I Am Livia
Page 17
I entered the temple’s bronze doors, which bore scratches and dents, marks of the arrows and spears cast long ago. I promised myself that I would get Tavius to refurbish this place and make it beautiful. With me I brought a white lamb, which I gave to a priestess. She cut its throat, and as its blood fell on the floor’s ancient, broken tiles, I raised my eyes to the statue of Diana. I silently spoke to her of the boy who had died in Perusia holding my hand.

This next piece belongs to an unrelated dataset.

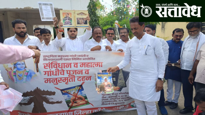 Chikhali विजयादशमी आणि महात्मा गांधी जयंतीच्या निमित्ताने चिखली शहरात जिल्हा काँग्रेस कमिटीच्यावतीने संविधान पूजन व मनुस्मृती दहन कार्यक्रम आयोजित करण्यात आला. या वेळी काँग्रेसचे जिल्हाध्यक्ष राहुल बोंद्रे यांनी “संविधान हे लोकशाहीचा आत्मा असून, मनुस्मृतीने समाजात विषमता, जातिभेद आणि स्त्रीद्वेष रुजवला; तर संविधानाने समानतेचा मार्ग दाखवला,” असे प्रतिपादन केले.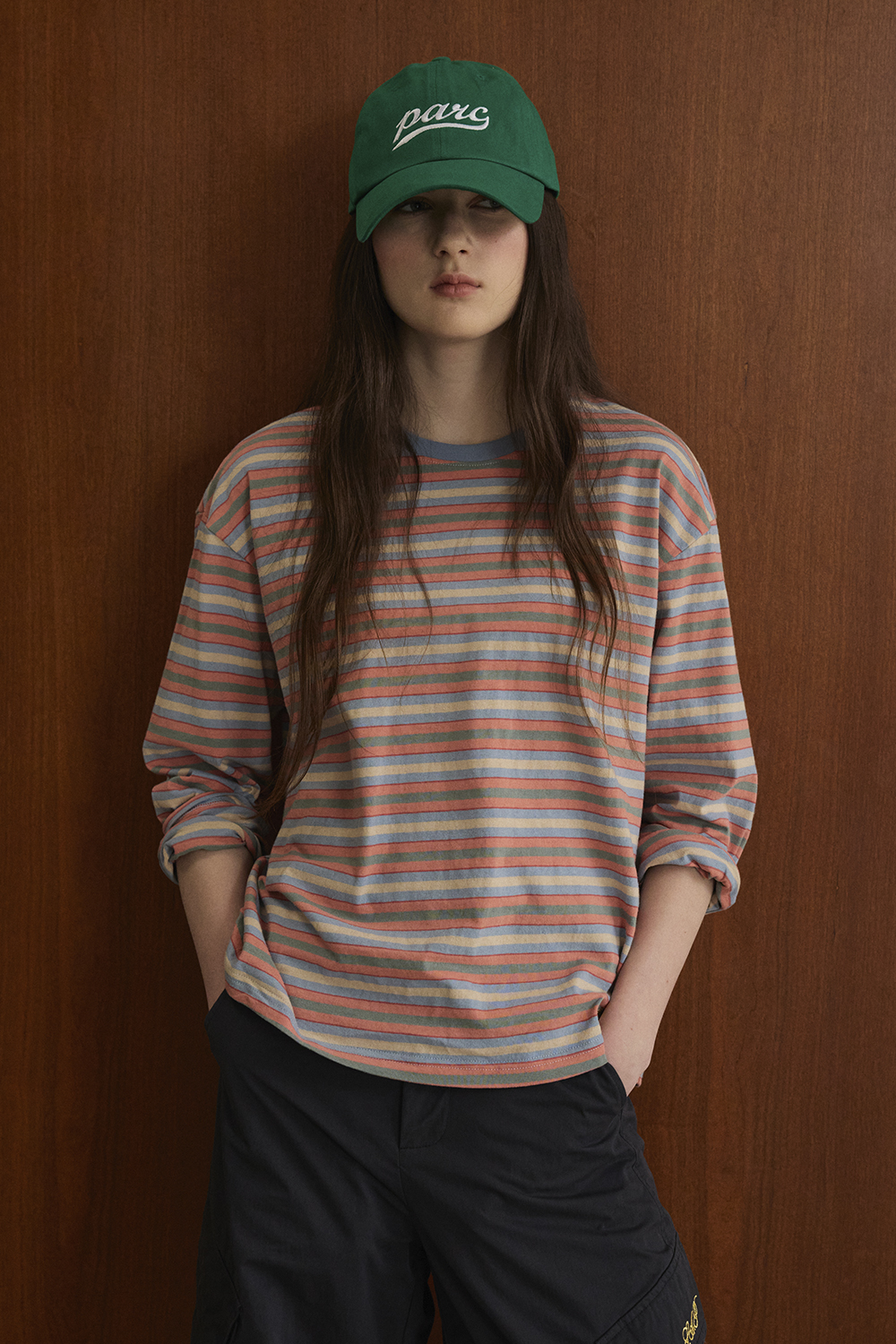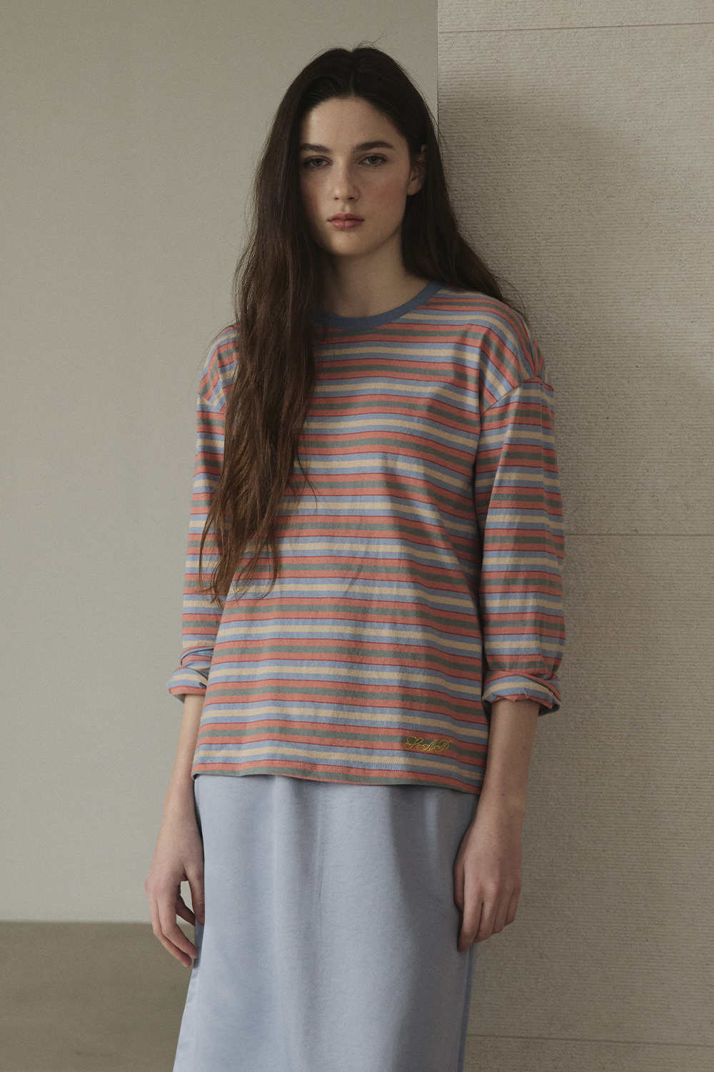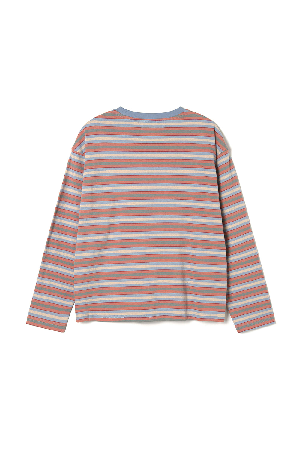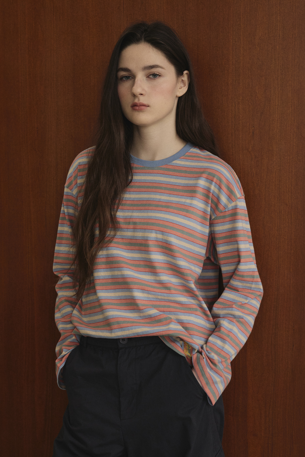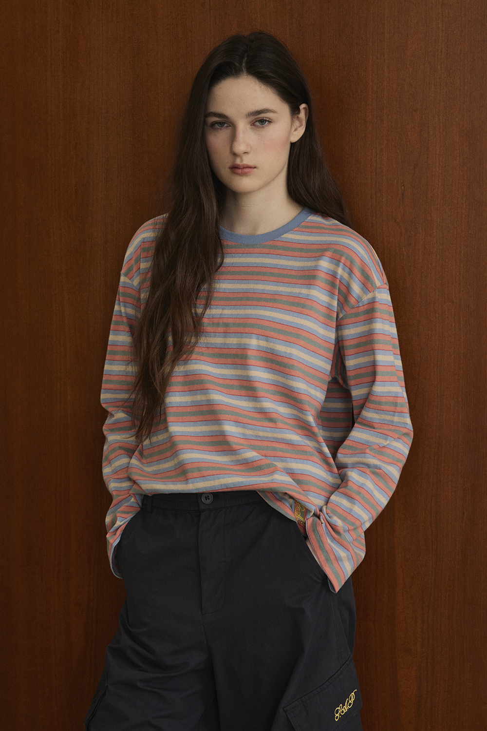 멀티 스트라이프 패턴이 돋보이는 티셔츠입니다.

Here, near the place where many of Rome’s best men had died, slain by their own countrymen, I begged her to end the killing. I asked that no more Romans die in useless civil strife, and I prayed that the marriage of the daughter of Marcus Brutus’s noblest supporter to Julius Caesar’s adopted son would help to bring Rome peace. Stretching forth my arms, my heart full of fervor, I also prayed that she extend her benevolent protection to Tavius.
Rome may have seen stranger weddings than mine to Gaius Julius Caesar Octavianus, but people would be hard put to think of one. The role that Tiberius Nero played became a part of our legend—that is, Tavius’s and mine. Some interpreted his giving me away as a deed of patriotic self-sacrifice, some as something much less lofty. But Romans will never forget it.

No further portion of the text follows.